*Given records:*
'''
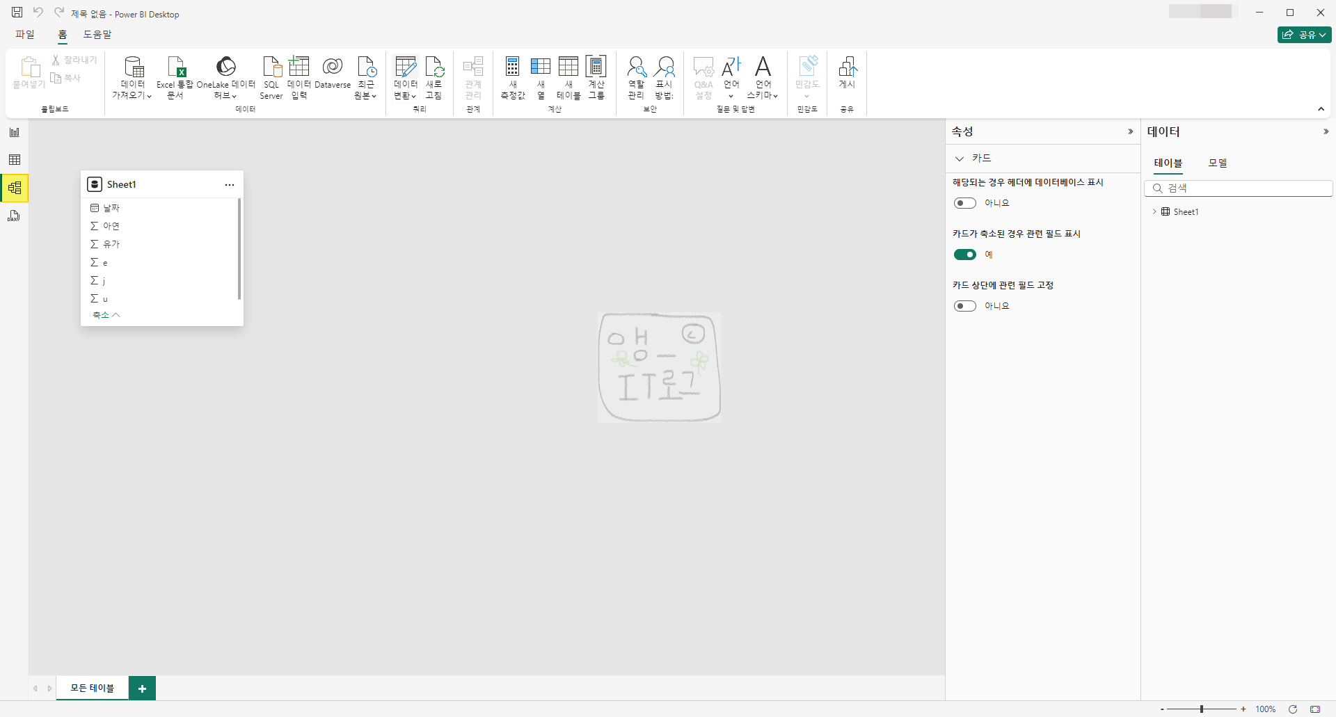 데이터를 가져온 후, Power BI의 여러 탭에서 데이터를 확인할 수 있습니다.
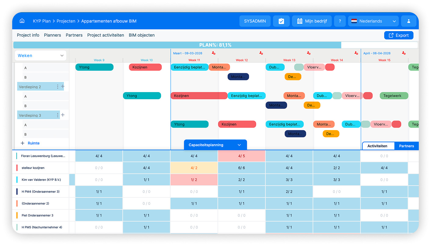 In PLAN, you link the required capacity directly to the availability of your partners. Together, you create a realistic schedule that everyone can truly commit to. This turns “a deal is a deal” into reality.
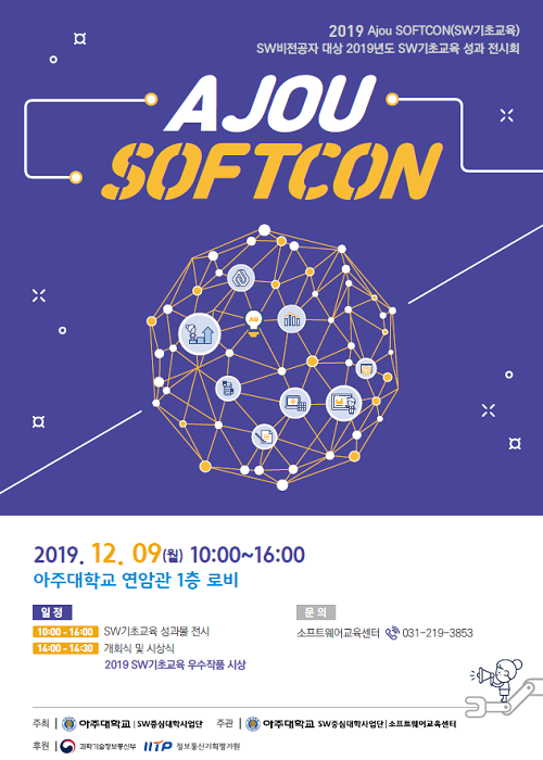 우리 학교 SW중심대학사업단이 학생들의 소프트웨어 개발 아이디어를 한자리에 모은 '아주 소프트콘'을 개최했다. SW중심대학사업단은 9일부터 이틀동안 아주대 연암관과 팔달관에서 '아주 소프트콘(SOFTCON)'을 열고 전시회를 마련했다. 소프트콘(SOFTCON)은 소프트웨어(SOFTware)와 콘서트(CONcert)의 합성어이다. Ajou SOFTCON은 매학기 진행되고 있는 소프트웨어학과의 행사로, 소프트웨어학과와 SW연계전공 학생들을 비롯해 주변 초등·고등학교 학생들이 한 학기 동안 창작해 낸 작품들을 전시한다. 이를 통해 학생들은 개발자로서의 노력과 열정을 함께 나누며 서로 격려하고 400여명이 발표자로 참여한다. 이번 전시회에는 ▲SW전공 6개 교과목 64건 ▲SW융합 5건 ▲초등 및 고등 방문형 SW교육 33건 ▲비전공자 SW기초교육 42건 등 총 144건의 작품이 전시되고, 심사 후 우수작품을 선정해 총 560만원의 장학금이 지급된다. 대회에는 인공지능과 사물인터넷, 빅데이터, 클라우드 등 최신 기술을 주제로 한 우수 작품들이 다량 출품됐다. 대표적으로 전시물의 경우, 통계청 'MDIS 서비스'를 활용해 기획재정부 장관 표창장을 받은 바 있다.류기열 SW중심대학사업단장은 "학생과 교수, 멘토, 관람자 모두가 한 학기 동안 힘써 개발해온 여러분의 작품을 놓고 서로 토론하고 교류하면서 모두 한층 성장하는 계기가 되기를 기원한다"고 말했다.□[개발시연] ▲대상(1팀:삼총사) ▲최우수상(1팀:JoJo) ▲우수상(2팀:shuffle, 팀1), ▲장려상(4팀:Wassup Noonssup, 공자, 뽀771, 행복IoT)□[연구과제] ▲최우수상(1인:김택림) ▲우수상(2인:신정호, LIJIPU) ▲장려상(4인:김성헌, 김정환, 김태훈, 이태경)□ [ICT융합] ▲우수상(1팀:사서고생하지마)□[SW기초교육] ▲대상(1인:김가현) ▲최우수상(3인:김성주, 김주훈, 조유현) ▲우수상(1팀 및 6인:간호대(정서현, 강유진, 강동혁, 김민아, 김채호, 김주연, 이수정, 윤여옥, 정선우), 강민재, 권율, 김지원, 류서윤, 조수연, 임인섭)□[방문형SW교육_초등부] ▲우수상(4팀:물에빠진쥐, 지니어스, “가변저항”이 필요햄!, 던전마스터)□[방문형SW교육_고등부] ▲최우수상(1팀:R1F4) ▲우수상(2팀:Chine法國, 아두이노동아리)▲장려상(3팀:윈도우19, 두.둥.탁, 호랑이손)
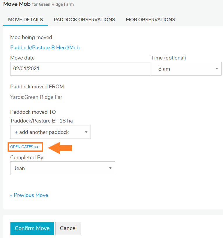 With multiple paddocks selected in Move Details screen the link to the open gates feature becomes available.
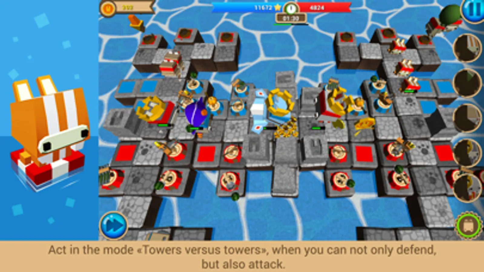 - Act in the mode "Towers versus towers", when you can not only defend, but also attack.
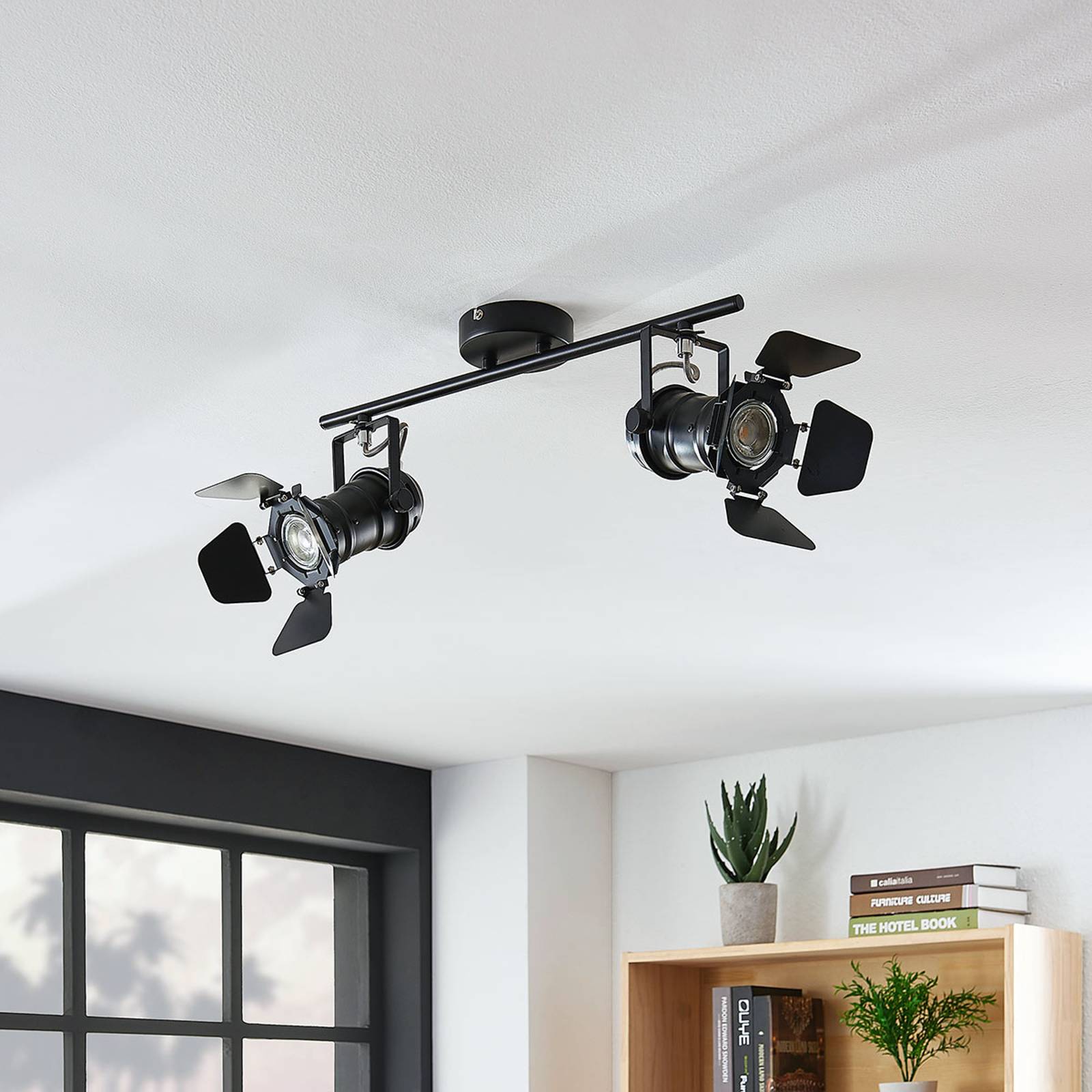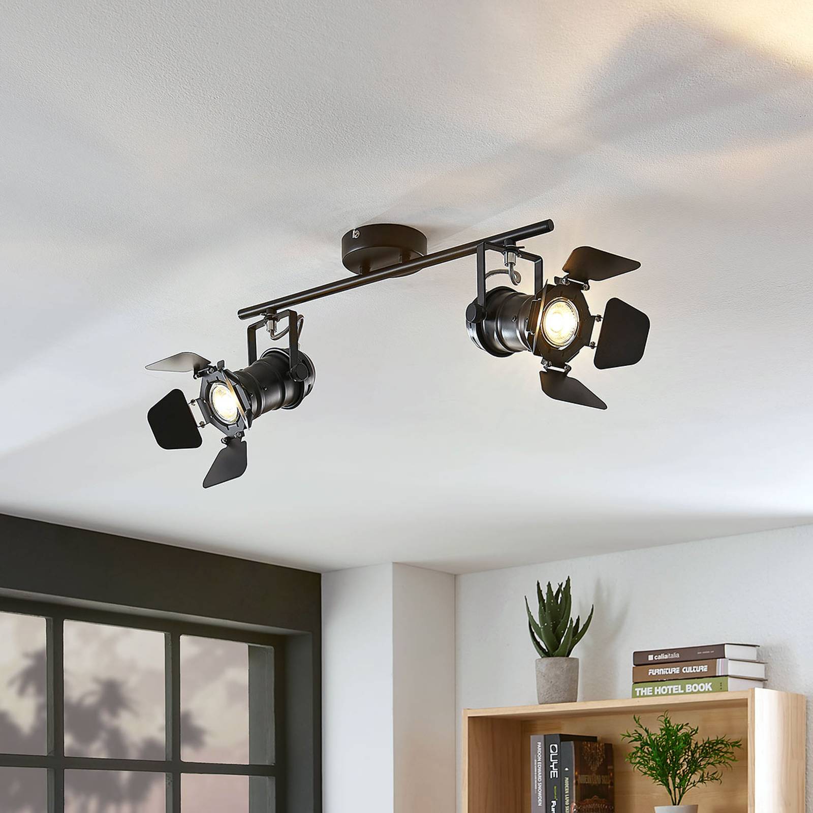 Tilen – dvouzdrojové stropní svítidlo se světly ve stylu reflektorů Moderní stropní lampa Tilen je světelný zdroj a zároveň přitahuje pozornost. Dvě světla jsou ve stylu starých reflektorů a také mají typické klapky. Mají zde však spíše dekorativní funkci, ale jsou přesto individuálně nastavitelné. Oba reflektory jsou také samostatně nastavitelné, lze je otáčet a naklápět, takže mohou nastavit kterýkoli roh místnosti. Tilen je moderní osvětlovací systém pro obývací pokoje, chodby nebo dokonce jídelny.
'''
Please retype the lines from the one containing "- Act in the" through the last line of the records above, exactly as written, and leave out any pictures.

*Output of the exercise:*
 - Act in the mode "Towers versus towers", when you can not only defend, but also attack.
 Tilen – dvouzdrojové stropní svítidlo se světly ve stylu reflektorů Moderní stropní lampa Tilen je světelný zdroj a zároveň přitahuje pozornost. Dvě světla jsou ve stylu starých reflektorů a také mají typické klapky. Mají zde však spíše dekorativní funkci, ale jsou přesto individuálně nastavitelné. Oba reflektory jsou také samostatně nastavitelné, lze je otáčet a naklápět, takže mohou nastavit kterýkoli roh místnosti. Tilen je moderní osvětlovací systém pro obývací pokoje, chodby nebo dokonce jídelny.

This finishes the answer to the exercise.